Background information

Proteins are large molecules that participate in virtually all cellular processes. Their three-dimensional structure is closely related to their function. So much so that protein misfolding often result in diseases. For instance, Parkinson’s and Alzheimer’s diseases are believed to be the result of protein misfolding. Consequently, in order to assist fundamental life science research, computational methods for predicting the three-dimensional structure of proteins are highly sought.

Computational approaches to protein folding require large computing resources. For example, a group of scientists at Stanford University (Folding@home) has created an application (client) that people can download and run on their personal computer and Sony PlayStation 3 to dedicate free CPU cycles to their project.

Proteins are three-dimensional objects, but simplified two dimensional models are sometimes used to either study the behavior of algorithms or properties of mathematical models. Here, in order to reduce both the complexity of the assignment and the execution time, we study the protein folding problem using a lattice representation and the hydrophobic-polar protein folding model. For this assignment, a protein is a chain made two types of constituents, hydrophobic (h) and polar (p) on a two-dimensional grid.

Problem statement

For a given input chain made of the types of constituents, h or p, find a two dimensional representation such that 1) no two constituents overlap and 2) the number non-contiguous hydrophobic constituents in the chain that are adjacent in the grid is maximum.

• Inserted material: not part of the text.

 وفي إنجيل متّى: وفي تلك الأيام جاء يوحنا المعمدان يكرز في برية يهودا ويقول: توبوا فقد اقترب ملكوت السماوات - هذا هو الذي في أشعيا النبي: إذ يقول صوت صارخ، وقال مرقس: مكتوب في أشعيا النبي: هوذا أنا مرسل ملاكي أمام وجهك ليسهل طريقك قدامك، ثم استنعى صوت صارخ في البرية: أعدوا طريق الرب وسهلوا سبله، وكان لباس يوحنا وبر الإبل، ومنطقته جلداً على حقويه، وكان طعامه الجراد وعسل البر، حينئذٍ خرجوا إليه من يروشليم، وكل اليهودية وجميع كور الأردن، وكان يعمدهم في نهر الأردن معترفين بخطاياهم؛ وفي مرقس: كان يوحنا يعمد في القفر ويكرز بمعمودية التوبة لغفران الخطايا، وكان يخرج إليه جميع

Here is an example where the folded chain “hphpphhp” makes two hydrophobic contacts. Hydrophobic and polar constituents are represented by black and white circles, respectively. Constituent that are contiguous in the chain are connected by a solid line, whilst non-contiguous hydrophobic contacts are represented by dashed lines. This example will be used throughout the text.

PIC

Method

Some problems have no known algorithm that is both exact and efficient. By exact, we mean an algorithm that finds the “true” answer to the given problem. For example, in the case of a minimization (optimization) problem, the algorithm must find the solution with the highest value. By efficient, we mean an algorithm that can be applied to interesting, real-world, data sets, and takes a reasonable amount of time to run (32,000 years is not a reasonable amount of time).

There are many such problems that need to be solved. The most famous one is probably the “Travelling salesman problem”, which seeks to find the least-cost round-trip itinerary that visits each city exactly once and returns to the starting city, given n cities and the cost of travelling from any city to any city.

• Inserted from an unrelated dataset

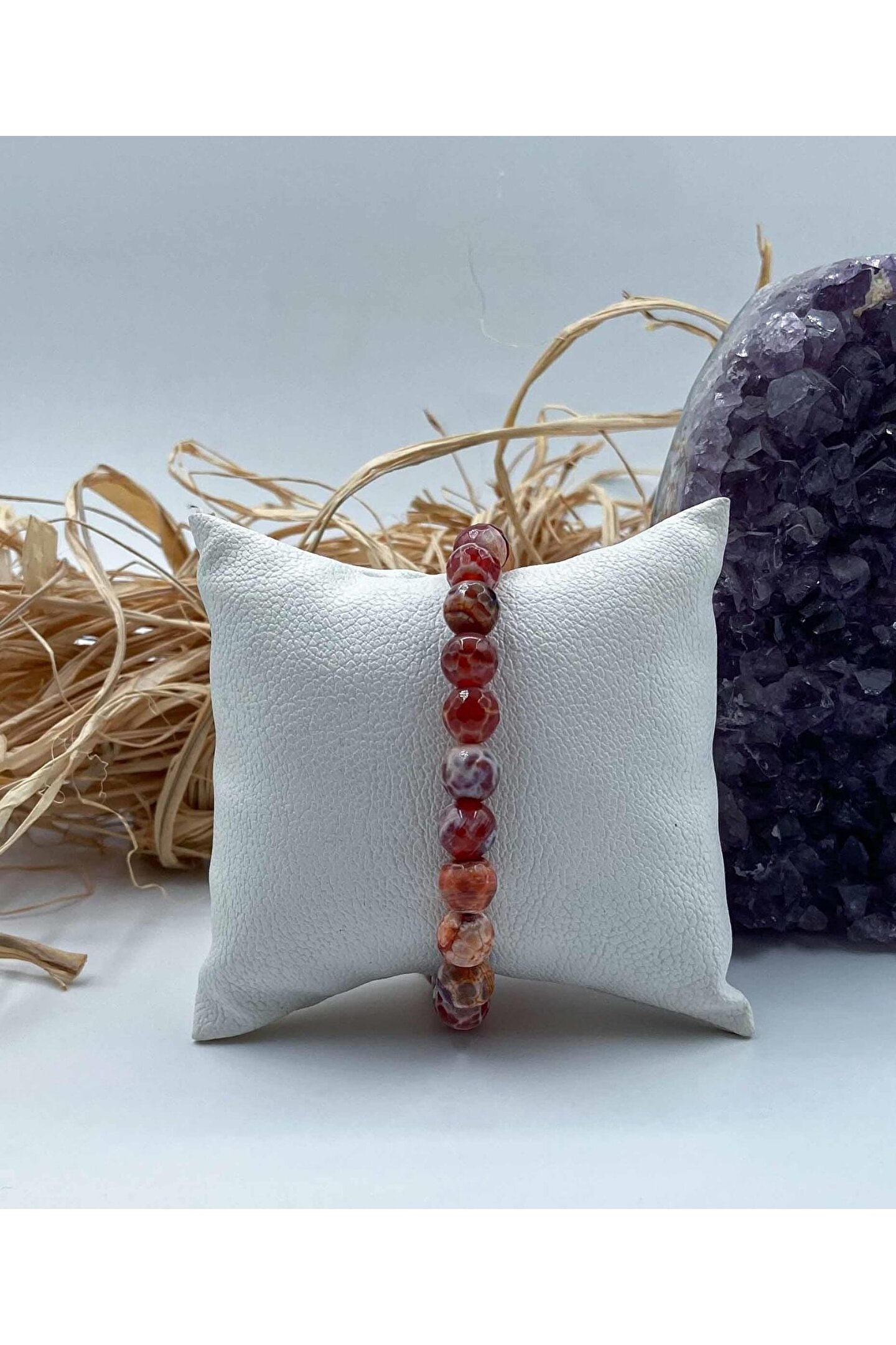 Mucize Taş Akik Doğal Taş Bileklik 8 Mm Küre Faset Kesim

Because answers to these problems are needed, approximate solutions are sought that can be found in reasonable amounts of time. Genetic Algorithms (GAs), a.k.a. Evolutionary Computing, are a family of approaches for finding approximate solutions for a variety of challenging problems.

GAs borrow several concepts from natural selection. Briefly, the approach consists of generating an initial population of candidate solutions. These solutions are generally generated randomly. Consequently, the quality of the initial solutions is low. The algorithm then creates new generations of the population by (randomly) selecting individuals to reproduce (through crossover and mutation operators, see Chromosome for further information). The new individual with the highest fitness value replaces the element of the population with the lowest one. Hence, improving the average fitness of the population. The algorithm stops when the maximum number of generations has been reached. The best individual is returned as a solution to the initial problem.

For this assignment, you must implement a genetic algorithm that solves the protein folding problem described above. You must use the provided template classes below. Each template contains further information for solving the problem.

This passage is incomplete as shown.